Here the job is to transcribe the data exactly while omitting the images.

● **Given data**:
════
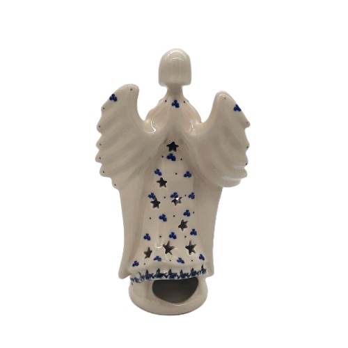 Anioł lampion z ceramiki Bolesławiec o wysokości 23 cm to urocza ozdoba wykonana w tradycyjnym stylu charakterystycznym dla tej manufaktury. Postać anioła została starannie uformowana, z wyrazistymi detalami. Jego powierzchnia pokryta jest wzorami bolesławieckimi w odcieniach bieli, kobaltu i błękitu, choć możliwe są różne wariacje kolorystyczne. W środku lampionu znajduje się przestrzeń na świeczkę, której światło tworzy ciepły, przyjemny efekt, rozświetlając otwory w kształcie gwiazdek na ciele anioła. Ten ręcznie zdobiony lampion stanowi nie tylko źródło światła, ale też piękną dekorację, idealną na świąteczny stół lub komodę.
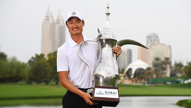 China 22-year old sensation Haong Li wins the 2018 Dubai Desert Classic. (Photo – European Tour/Getty)
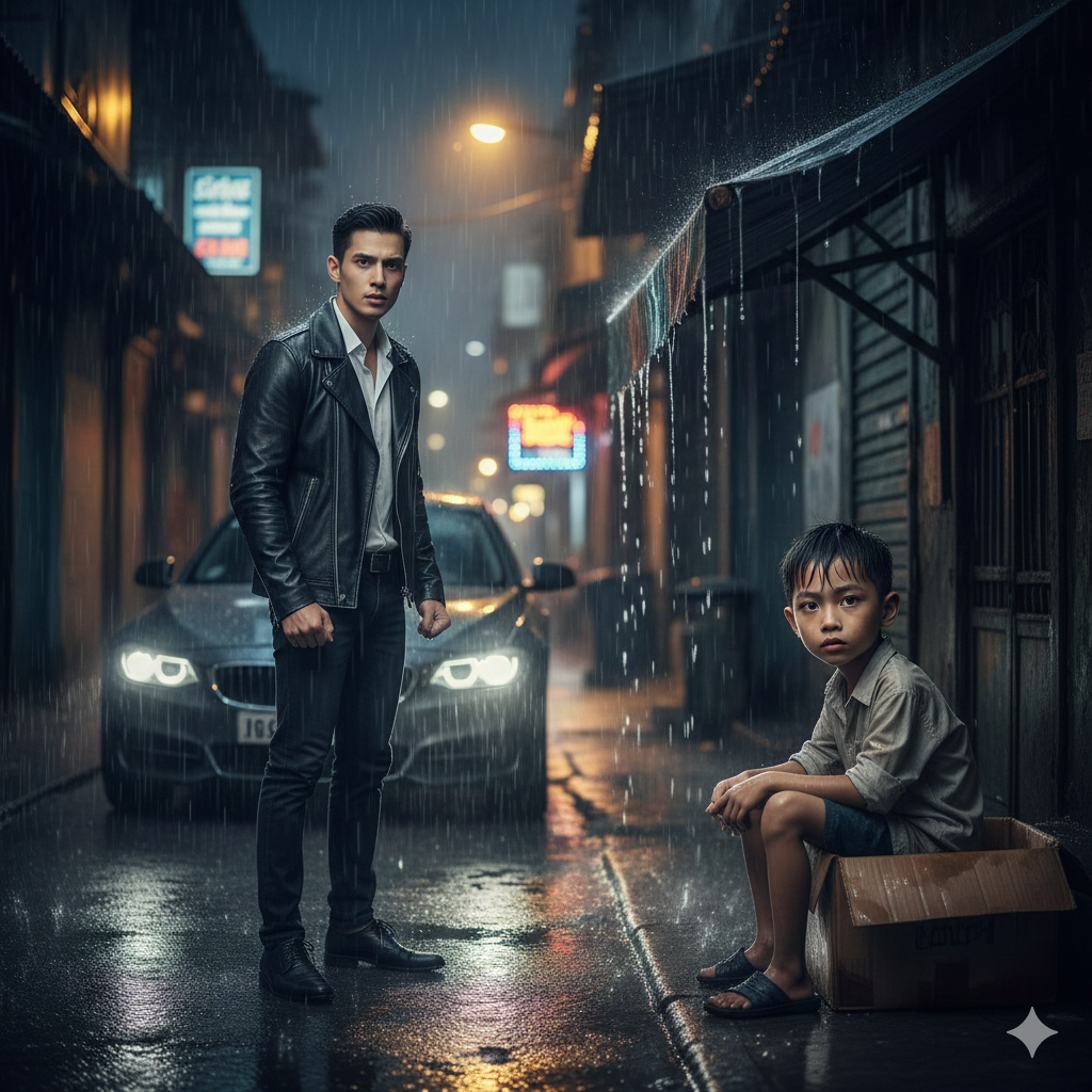 Một đứa bé chừng mười tuổi, người ướt như chuột lột, ngồi co ro bên cạnh một thùng carton. Đôi mắt thâm quầng, gương mặt gầy… nhưng những đường nét đó — trời ơi — giống Khang đến kinh ngạc.
════
● **Task answer**:
 Anioł lampion z ceramiki Bolesławiec o wysokości 23 cm to urocza ozdoba wykonana w tradycyjnym stylu charakterystycznym dla tej manufaktury. Postać anioła została starannie uformowana, z wyrazistymi detalami. Jego powierzchnia pokryta jest wzorami bolesławieckimi w odcieniach bieli, kobaltu i błękitu, choć możliwe są różne wariacje kolorystyczne. W środku lampionu znajduje się przestrzeń na świeczkę, której światło tworzy ciepły, przyjemny efekt, rozświetlając otwory w kształcie gwiazdek na ciele anioła. Ten ręcznie zdobiony lampion stanowi nie tylko źródło światła, ale też piękną dekorację, idealną na świąteczny stół lub komodę.
 China 22-year old sensation Haong Li wins the 2018 Dubai Desert Classic. (Photo – European Tour/Getty)
 Một đứa bé chừng mười tuổi, người ướt như chuột lột, ngồi co ro bên cạnh một thùng carton. Đôi mắt thâm quầng, gương mặt gầy… nhưng những đường nét đó — trời ơi — giống Khang đến kinh ngạc.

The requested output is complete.